• WORK INSTRUCTIONS: Retype the line with "Skład: 98% indyk" exactly. Then retype every line after it through the end of the entries below, and nothing more, leaving out pictures.
[STUDY MATERIAL]
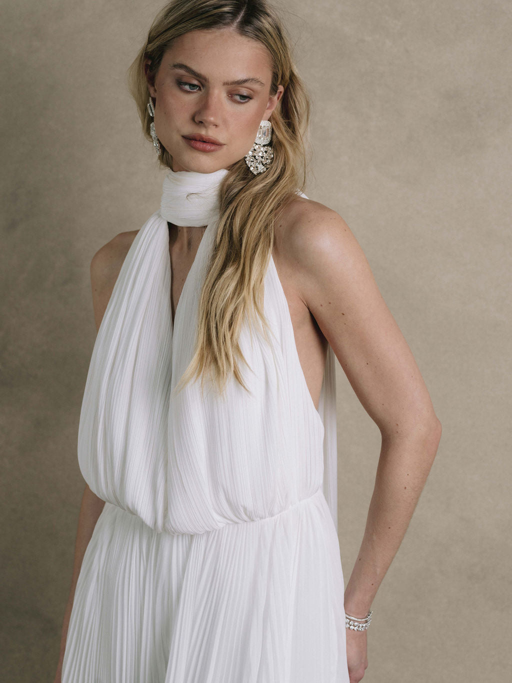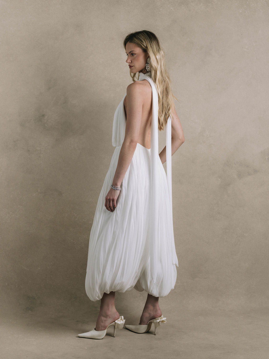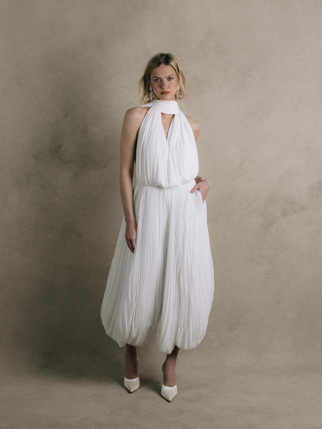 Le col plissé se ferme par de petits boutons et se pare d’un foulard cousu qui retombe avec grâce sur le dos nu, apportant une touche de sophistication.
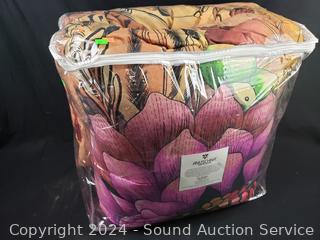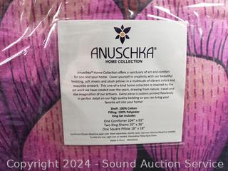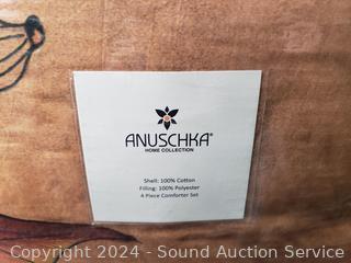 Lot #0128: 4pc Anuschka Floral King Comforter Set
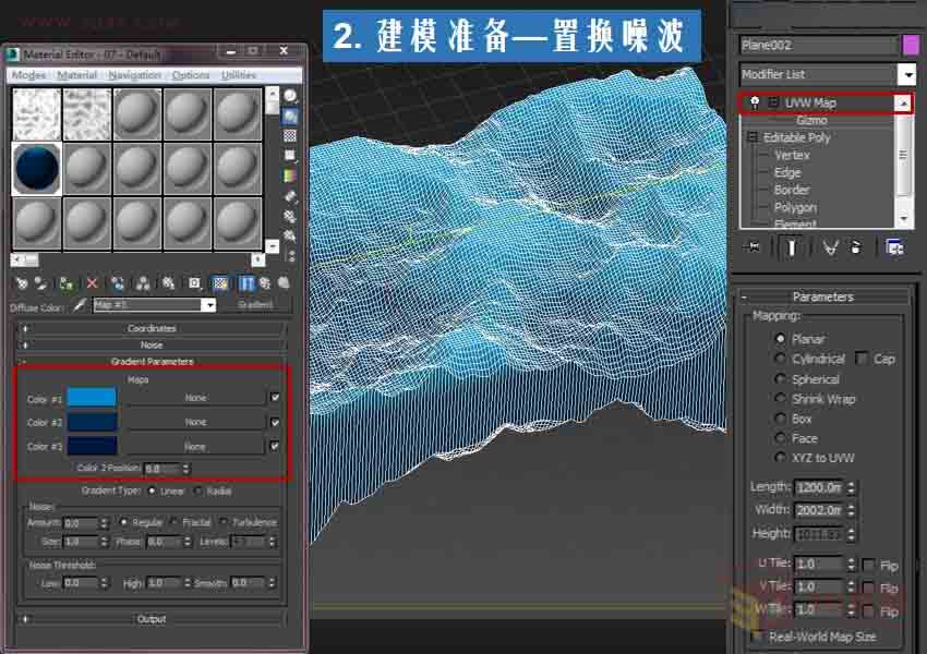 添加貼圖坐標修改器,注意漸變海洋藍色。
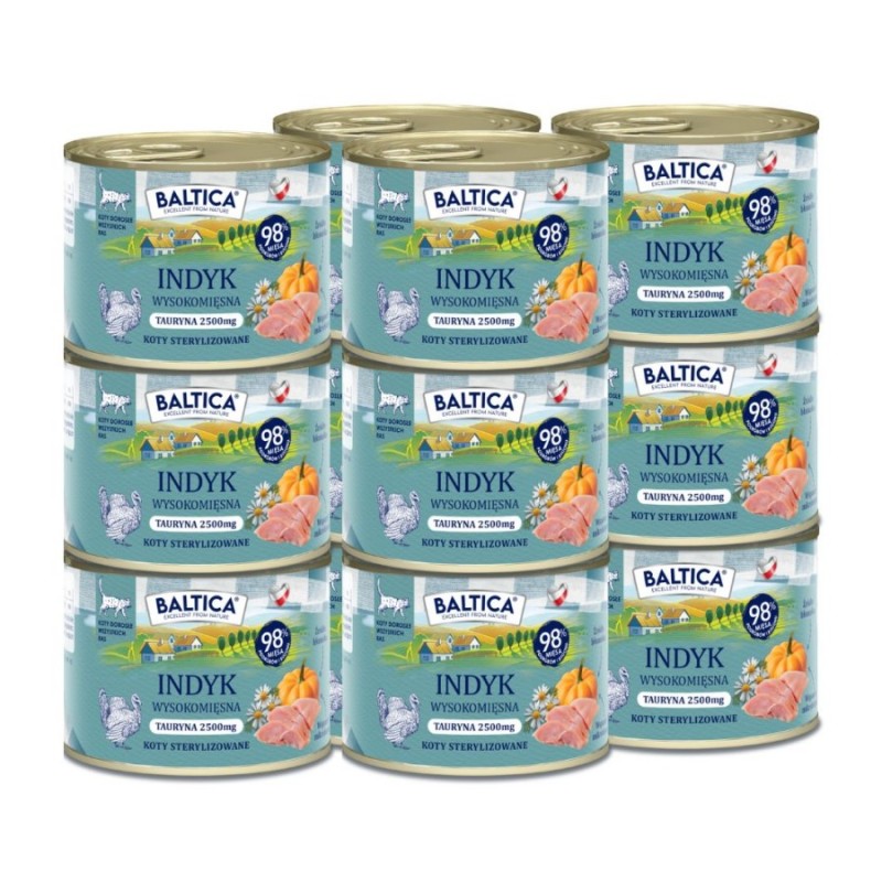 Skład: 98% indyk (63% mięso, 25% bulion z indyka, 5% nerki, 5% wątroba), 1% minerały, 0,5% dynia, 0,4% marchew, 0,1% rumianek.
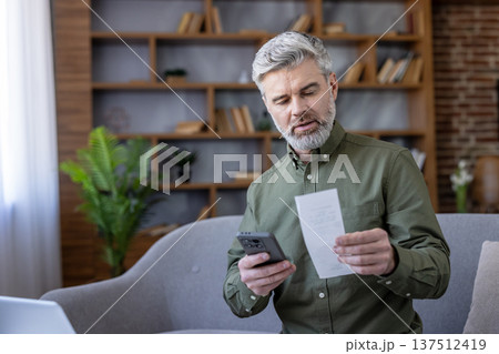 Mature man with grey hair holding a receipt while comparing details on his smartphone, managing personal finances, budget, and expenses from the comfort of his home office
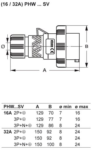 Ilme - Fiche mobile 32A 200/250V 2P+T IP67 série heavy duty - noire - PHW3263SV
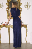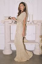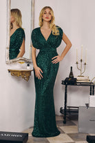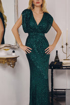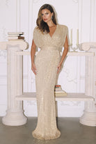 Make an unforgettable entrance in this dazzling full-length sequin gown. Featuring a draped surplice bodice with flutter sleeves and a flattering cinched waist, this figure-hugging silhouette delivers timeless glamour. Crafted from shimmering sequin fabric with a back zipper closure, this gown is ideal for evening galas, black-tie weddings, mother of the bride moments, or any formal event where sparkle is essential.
[/STUDY MATERIAL]
• EXERCISE RESPONSE:
 Skład: 98% indyk (63% mięso, 25% bulion z indyka, 5% nerki, 5% wątroba), 1% minerały, 0,5% dynia, 0,4% marchew, 0,1% rumianek.
 Mature man with grey hair holding a receipt while comparing details on his smartphone, managing personal finances, budget, and expenses from the comfort of his home office
 Ilme - Fiche mobile 32A 200/250V 2P+T IP67 série heavy duty - noire - PHW3263SV
 Make an unforgettable entrance in this dazzling full-length sequin gown. Featuring a draped surplice bodice with flutter sleeves and a flattering cinched waist, this figure-hugging silhouette delivers timeless glamour. Crafted from shimmering sequin fabric with a back zipper closure, this gown is ideal for evening galas, black-tie weddings, mother of the bride moments, or any formal event where sparkle is essential.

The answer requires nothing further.